The case of Peter Coady v Gerard Coady has been reported recently. It is an interesting case discussing the validity of Wills generally but, specifically, Wills that were created during the Covid pandemic lockdowns.
General principle
For a Will to be valid, it must be signed in line with statutory requirements set out in Section 9 of the Wills Act 1837. Section 9 of the Wills Act states that a valid Will must be in writing and signed by the ‘testator’ (the person making the Will). That signature must be made or acknowledged in the presence of two witnesses, who must also sign in the presence of the testator.
Facts of the case
In 2020, Ms Kathleen Coady created a Will appointing her son, Gerard as the sole executor and the sole residuary beneficiary. This replaced an earlier Will from March 2017, under which Peter Coady (the claimant) was the executor and residuary beneficiary.
Following Kathleen Coady’s death in November 2022, Peter argued that the Will was not properly signed and witnessed as the Will was drafted during the first Covid-19 lockdown, prepared by Solicitors and signed at home due to social distancing restrictions.
The key dispute concerned what happened during the execution of the 2020 Will. In giving evidence, one of the witnesses said that both he and his mother were asked by Gerard to witness the Will as an emergency measure. They entered the back garden, where a table had been set up about 10-12 feet from the back door. Kathleen, the testator, was seated inside at a dining table, 6-8 feet from the door. The witness described her as very ill, half asleep, frail and silent making no acknowledgment of their presence. The witnesses did not see her sign the will and she could not see them witness her signature. The entire process lasted 2-3 minutes and there was no conversation in respect of the papers, and some were folded and partially covered.
However, Gerard’s account was different. Gerard claimed that the solicitor’s instructions were followed precisely, the Will was read aloud to Kathleen Coady, and the witnesses could see the Kathleen’s signature and she greeted and thanked both witnesses. The court found this evidence to be suspicious and unreliable.
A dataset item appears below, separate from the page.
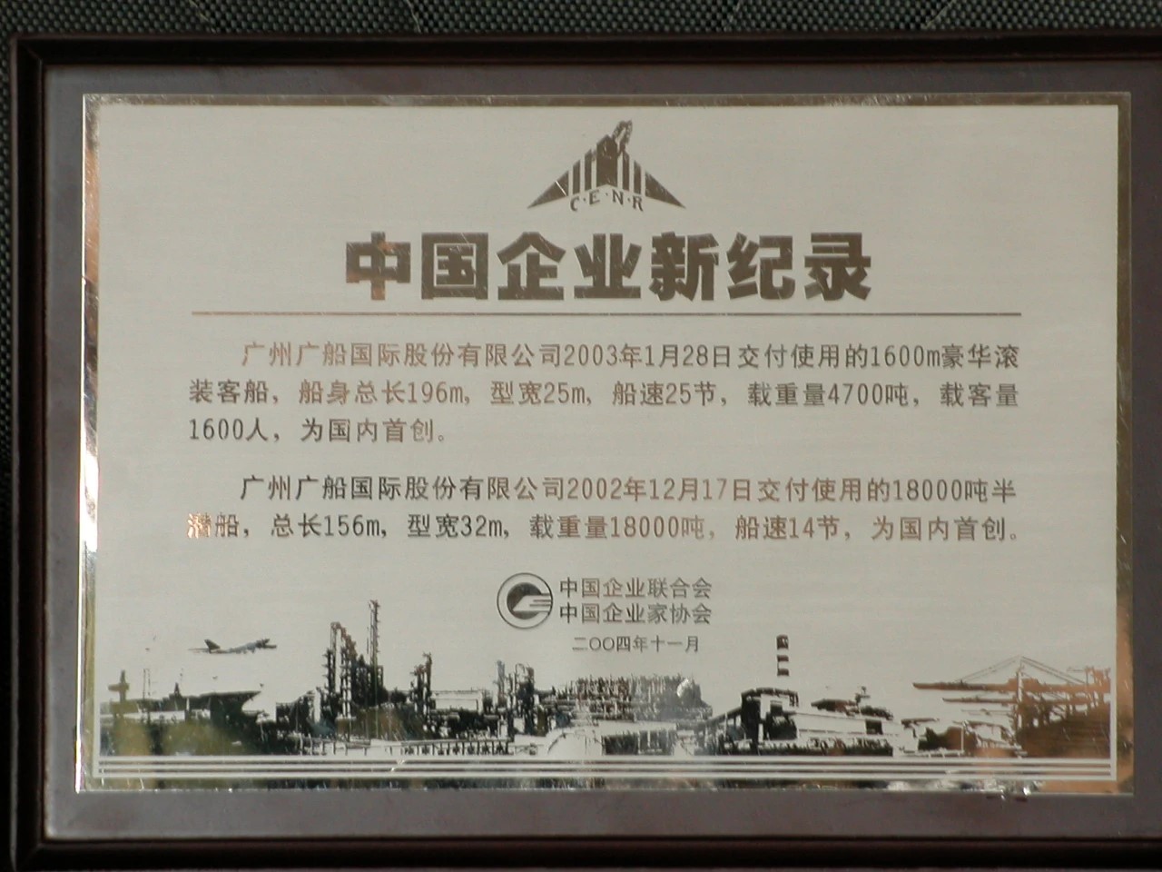 2004年,建造的豪华客滚船和半潜船获“中国企业新纪录”

The court acknowledged, when coming to its decision, the temporary extension to legislation which allowed for Wills to be executed by video conference during the pandemic (the Electronic Communications Amendment Coronavirus Order 2020). However the court stressed that the simultaneous presence and acknowledgement requirements did still apply. The court ruled that the Will was invalid for non-compliance with requirement of section 9 of the Wills Act 1837.
Key considerations
The case is a reminder of the potential issues with Wills that were made and executed a during covid lockdowns, when social distancing requirements meant that the usual protocols could not be followed. The best course of action following the publication of this case would be to review any Wills made during the covid pandemic to make sure that they were validly executed. It is acknowledged that the circumstances during lockdown were extenuating, however, the court stressed that the section 9 legal formalities must still be adhered to. This is particularly relevant if your Will was executed via video conference under the temporary legislation, as there is risk of these documents being found to be invalid. In any event, it has now been over 5 years since the first covid lockdown and, as such, a review of any Wills made during that period is now timely.